Excerpts from a dataset

*-*-*

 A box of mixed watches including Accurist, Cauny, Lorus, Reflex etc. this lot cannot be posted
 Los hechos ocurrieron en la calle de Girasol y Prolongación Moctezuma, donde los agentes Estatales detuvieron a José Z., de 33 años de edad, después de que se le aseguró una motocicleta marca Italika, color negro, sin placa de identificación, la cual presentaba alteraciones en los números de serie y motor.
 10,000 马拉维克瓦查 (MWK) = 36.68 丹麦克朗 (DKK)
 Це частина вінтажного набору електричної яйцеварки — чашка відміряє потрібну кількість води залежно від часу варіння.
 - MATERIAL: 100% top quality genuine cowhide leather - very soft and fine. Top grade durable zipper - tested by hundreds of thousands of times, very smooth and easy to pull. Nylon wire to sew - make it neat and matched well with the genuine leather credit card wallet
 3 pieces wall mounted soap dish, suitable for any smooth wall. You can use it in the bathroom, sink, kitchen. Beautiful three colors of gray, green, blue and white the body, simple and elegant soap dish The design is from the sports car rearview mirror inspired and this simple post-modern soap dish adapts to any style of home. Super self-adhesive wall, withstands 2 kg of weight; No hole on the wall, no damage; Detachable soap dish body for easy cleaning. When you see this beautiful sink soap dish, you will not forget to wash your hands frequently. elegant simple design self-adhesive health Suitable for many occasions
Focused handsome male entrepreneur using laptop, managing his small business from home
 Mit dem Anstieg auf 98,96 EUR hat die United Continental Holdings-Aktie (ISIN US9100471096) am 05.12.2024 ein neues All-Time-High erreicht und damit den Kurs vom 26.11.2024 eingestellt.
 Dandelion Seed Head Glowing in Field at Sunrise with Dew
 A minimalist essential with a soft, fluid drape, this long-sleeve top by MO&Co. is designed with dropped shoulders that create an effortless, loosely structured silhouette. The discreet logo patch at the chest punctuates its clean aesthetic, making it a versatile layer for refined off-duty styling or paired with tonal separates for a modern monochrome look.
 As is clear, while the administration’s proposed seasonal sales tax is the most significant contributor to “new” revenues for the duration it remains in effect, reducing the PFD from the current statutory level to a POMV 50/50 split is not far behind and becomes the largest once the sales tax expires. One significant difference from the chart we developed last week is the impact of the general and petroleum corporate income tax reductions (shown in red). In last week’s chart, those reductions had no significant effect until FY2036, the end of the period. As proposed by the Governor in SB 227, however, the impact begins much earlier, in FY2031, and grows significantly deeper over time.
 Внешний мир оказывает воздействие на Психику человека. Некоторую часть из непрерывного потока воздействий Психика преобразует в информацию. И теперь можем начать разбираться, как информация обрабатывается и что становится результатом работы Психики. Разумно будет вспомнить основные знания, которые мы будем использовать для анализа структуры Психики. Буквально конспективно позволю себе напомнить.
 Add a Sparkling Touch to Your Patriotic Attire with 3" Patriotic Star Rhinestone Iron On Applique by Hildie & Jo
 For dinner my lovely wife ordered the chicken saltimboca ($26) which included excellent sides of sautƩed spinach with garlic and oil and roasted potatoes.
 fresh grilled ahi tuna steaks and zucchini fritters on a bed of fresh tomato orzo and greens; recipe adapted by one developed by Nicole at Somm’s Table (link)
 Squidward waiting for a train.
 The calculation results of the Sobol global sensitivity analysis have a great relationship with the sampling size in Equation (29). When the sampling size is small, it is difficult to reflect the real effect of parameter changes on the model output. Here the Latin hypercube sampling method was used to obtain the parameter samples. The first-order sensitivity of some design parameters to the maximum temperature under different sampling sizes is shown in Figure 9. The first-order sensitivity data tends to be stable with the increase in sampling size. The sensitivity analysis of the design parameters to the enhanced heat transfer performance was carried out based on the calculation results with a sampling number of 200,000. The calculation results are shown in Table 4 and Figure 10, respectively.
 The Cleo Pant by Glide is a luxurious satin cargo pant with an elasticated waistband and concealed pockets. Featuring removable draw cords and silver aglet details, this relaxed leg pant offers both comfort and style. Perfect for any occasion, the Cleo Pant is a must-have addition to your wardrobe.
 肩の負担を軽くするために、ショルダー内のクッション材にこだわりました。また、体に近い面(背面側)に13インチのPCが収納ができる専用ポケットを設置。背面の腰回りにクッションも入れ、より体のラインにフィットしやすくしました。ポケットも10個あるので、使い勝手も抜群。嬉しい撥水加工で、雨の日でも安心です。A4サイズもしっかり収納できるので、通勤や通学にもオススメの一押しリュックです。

*-*-*

■ **Exercise instructions**: Using the data above, transcribe the lines that run from the line with "Це частина вінтажного" to the line with "- MATERIAL: 100%", both ends kept, and output nothing else.

■ **Answer to this task**:
 Це частина вінтажного набору електричної яйцеварки — чашка відміряє потрібну кількість води залежно від часу варіння.
 - MATERIAL: 100% top quality genuine cowhide leather - very soft and fine. Top grade durable zipper - tested by hundreds of thousands of times, very smooth and easy to pull. Nylon wire to sew - make it neat and matched well with the genuine leather credit card wallet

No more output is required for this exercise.